-- Work instructions --
Copy exactly every line below, from the first through the one that contains "Un journaliste de", and skip all pictures.
***** Excerpted records
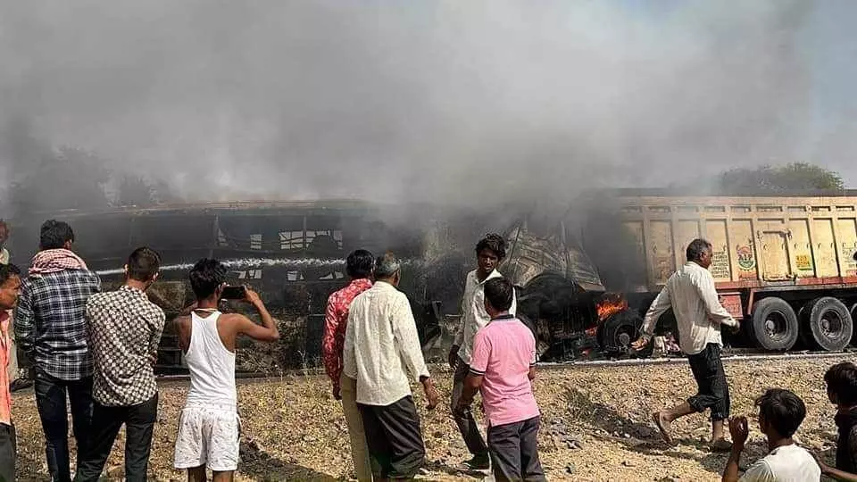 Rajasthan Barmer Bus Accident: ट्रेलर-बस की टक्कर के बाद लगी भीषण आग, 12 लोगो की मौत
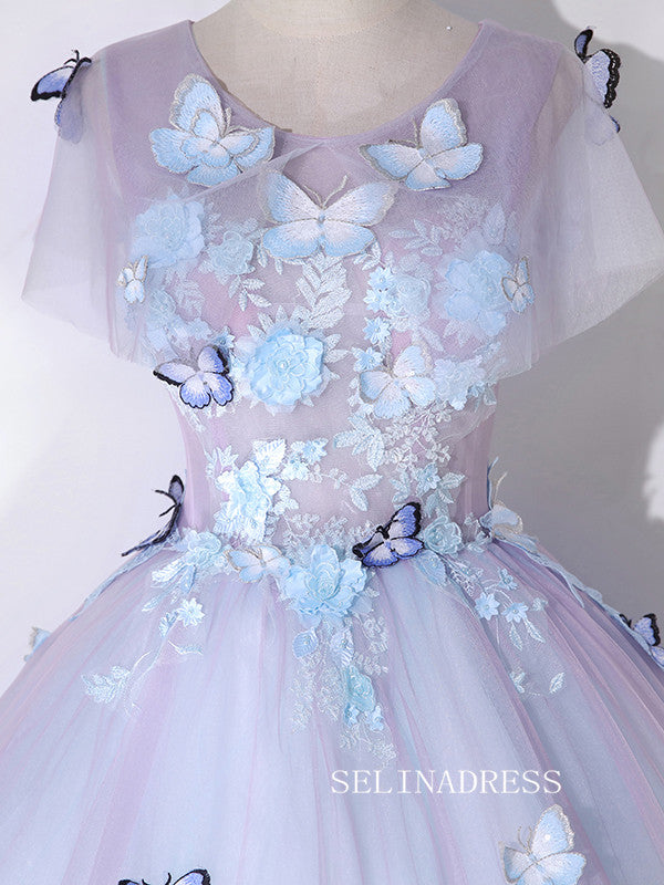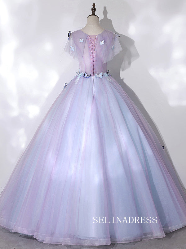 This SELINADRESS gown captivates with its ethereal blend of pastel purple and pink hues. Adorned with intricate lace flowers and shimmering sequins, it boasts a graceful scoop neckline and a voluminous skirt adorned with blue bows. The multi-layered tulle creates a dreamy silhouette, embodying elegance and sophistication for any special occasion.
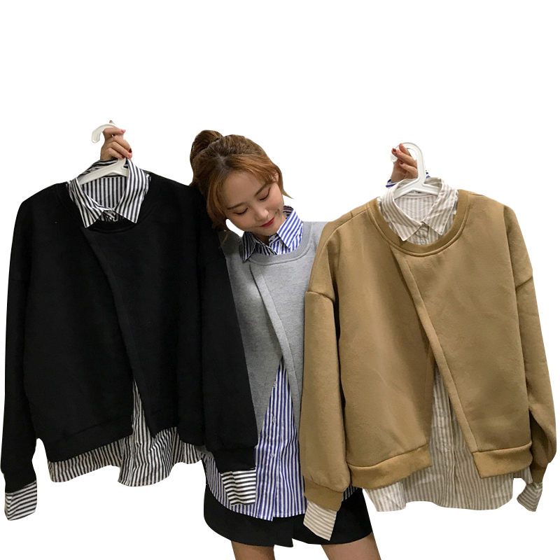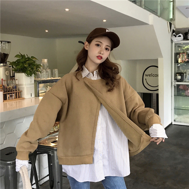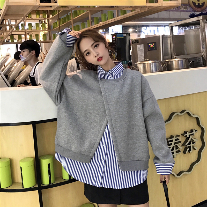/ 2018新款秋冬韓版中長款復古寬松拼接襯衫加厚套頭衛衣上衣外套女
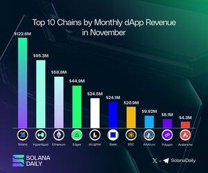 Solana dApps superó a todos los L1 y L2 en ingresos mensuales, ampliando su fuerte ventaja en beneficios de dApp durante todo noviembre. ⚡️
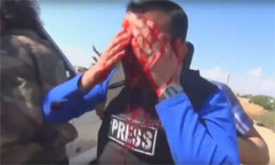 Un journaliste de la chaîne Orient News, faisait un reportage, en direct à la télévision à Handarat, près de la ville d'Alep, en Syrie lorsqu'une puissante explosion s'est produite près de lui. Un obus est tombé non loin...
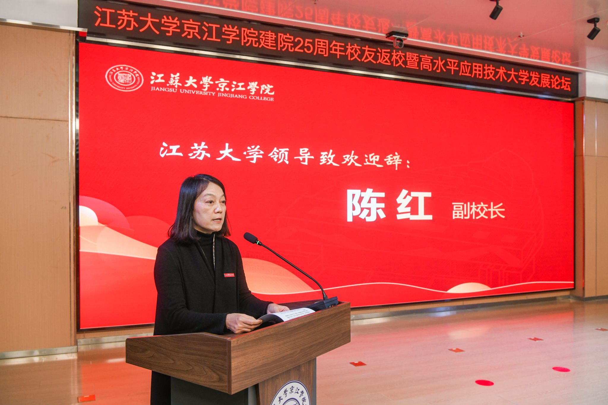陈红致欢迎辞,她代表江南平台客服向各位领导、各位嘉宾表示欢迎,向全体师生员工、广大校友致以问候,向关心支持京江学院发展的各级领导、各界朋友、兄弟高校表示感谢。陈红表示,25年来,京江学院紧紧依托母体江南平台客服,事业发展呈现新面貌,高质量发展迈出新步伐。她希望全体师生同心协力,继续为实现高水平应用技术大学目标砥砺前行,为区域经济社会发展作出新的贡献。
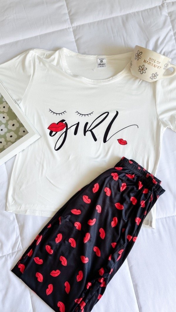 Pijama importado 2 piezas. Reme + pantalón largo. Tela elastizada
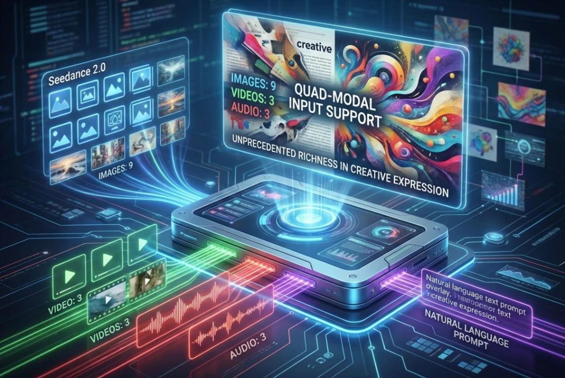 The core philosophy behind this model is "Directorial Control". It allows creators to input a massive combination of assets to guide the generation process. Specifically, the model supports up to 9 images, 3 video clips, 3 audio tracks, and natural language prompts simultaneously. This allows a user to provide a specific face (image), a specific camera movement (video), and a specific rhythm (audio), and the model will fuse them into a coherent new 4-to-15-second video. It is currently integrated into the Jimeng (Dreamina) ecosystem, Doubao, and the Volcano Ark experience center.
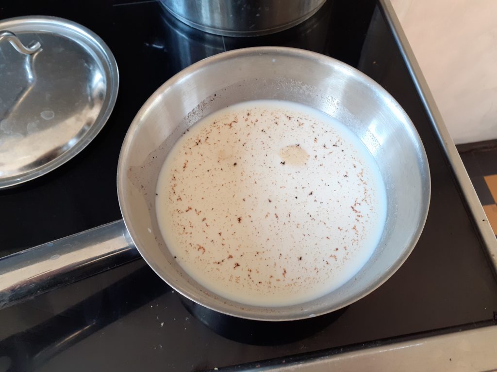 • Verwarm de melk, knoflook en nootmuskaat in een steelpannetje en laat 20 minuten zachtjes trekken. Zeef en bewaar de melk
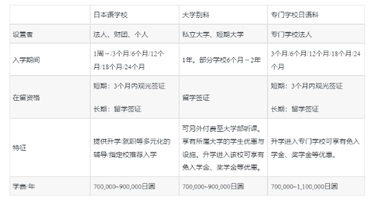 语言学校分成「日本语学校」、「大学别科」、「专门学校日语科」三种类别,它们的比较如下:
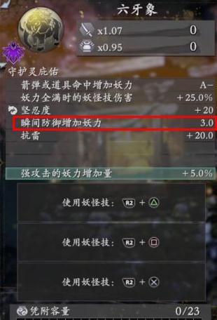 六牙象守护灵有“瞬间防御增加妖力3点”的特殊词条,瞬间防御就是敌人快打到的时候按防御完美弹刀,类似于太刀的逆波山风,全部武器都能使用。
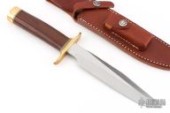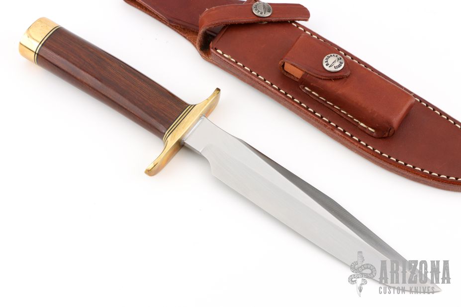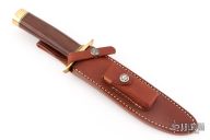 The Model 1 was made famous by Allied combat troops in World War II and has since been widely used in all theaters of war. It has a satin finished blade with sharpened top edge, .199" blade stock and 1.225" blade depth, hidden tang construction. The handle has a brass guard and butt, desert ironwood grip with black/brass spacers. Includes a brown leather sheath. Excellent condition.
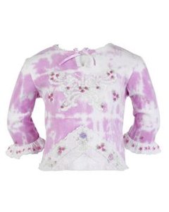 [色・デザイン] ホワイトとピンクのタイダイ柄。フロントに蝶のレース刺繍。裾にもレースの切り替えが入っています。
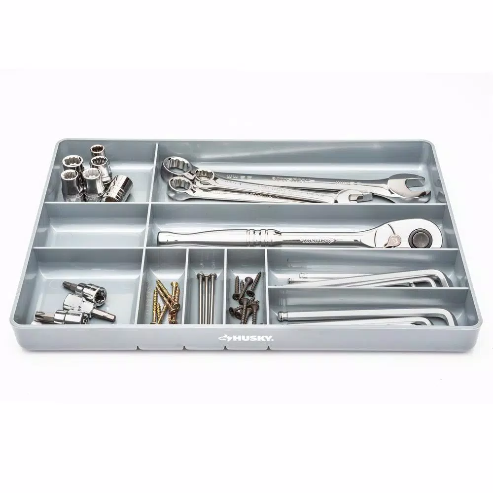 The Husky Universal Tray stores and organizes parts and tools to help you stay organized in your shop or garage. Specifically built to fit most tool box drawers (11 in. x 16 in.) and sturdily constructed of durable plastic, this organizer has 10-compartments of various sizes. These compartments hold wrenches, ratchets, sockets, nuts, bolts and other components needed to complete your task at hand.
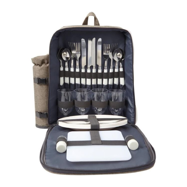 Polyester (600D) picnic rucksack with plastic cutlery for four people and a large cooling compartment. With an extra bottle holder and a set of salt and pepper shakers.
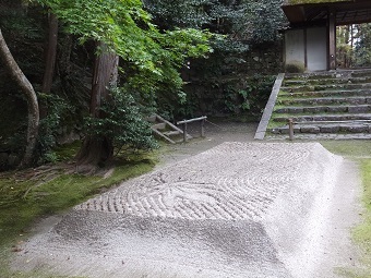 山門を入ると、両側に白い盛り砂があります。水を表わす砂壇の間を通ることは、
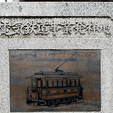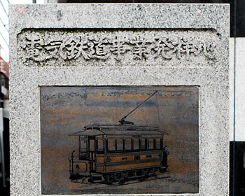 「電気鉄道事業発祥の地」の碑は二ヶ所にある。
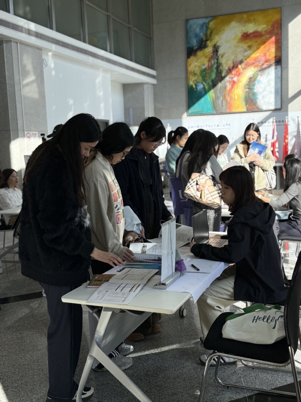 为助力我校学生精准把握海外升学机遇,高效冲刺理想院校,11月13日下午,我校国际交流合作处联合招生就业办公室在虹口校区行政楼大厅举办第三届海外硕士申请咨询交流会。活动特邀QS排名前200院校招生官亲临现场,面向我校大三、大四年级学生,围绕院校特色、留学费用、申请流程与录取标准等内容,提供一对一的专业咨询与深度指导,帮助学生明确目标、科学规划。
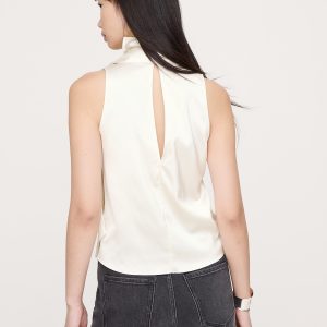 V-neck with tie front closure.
**********
-- Final answer --
 Rajasthan Barmer Bus Accident: ट्रेलर-बस की टक्कर के बाद लगी भीषण आग, 12 लोगो की मौत
 This SELINADRESS gown captivates with its ethereal blend of pastel purple and pink hues. Adorned with intricate lace flowers and shimmering sequins, it boasts a graceful scoop neckline and a voluminous skirt adorned with blue bows. The multi-layered tulle creates a dreamy silhouette, embodying elegance and sophistication for any special occasion.
/ 2018新款秋冬韓版中長款復古寬松拼接襯衫加厚套頭衛衣上衣外套女
 Solana dApps superó a todos los L1 y L2 en ingresos mensuales, ampliando su fuerte ventaja en beneficios de dApp durante todo noviembre. ⚡️
 Un journaliste de la chaîne Orient News, faisait un reportage, en direct à la télévision à Handarat, près de la ville d'Alep, en Syrie lorsqu'une puissante explosion s'est produite près de lui. Un obus est tombé non loin...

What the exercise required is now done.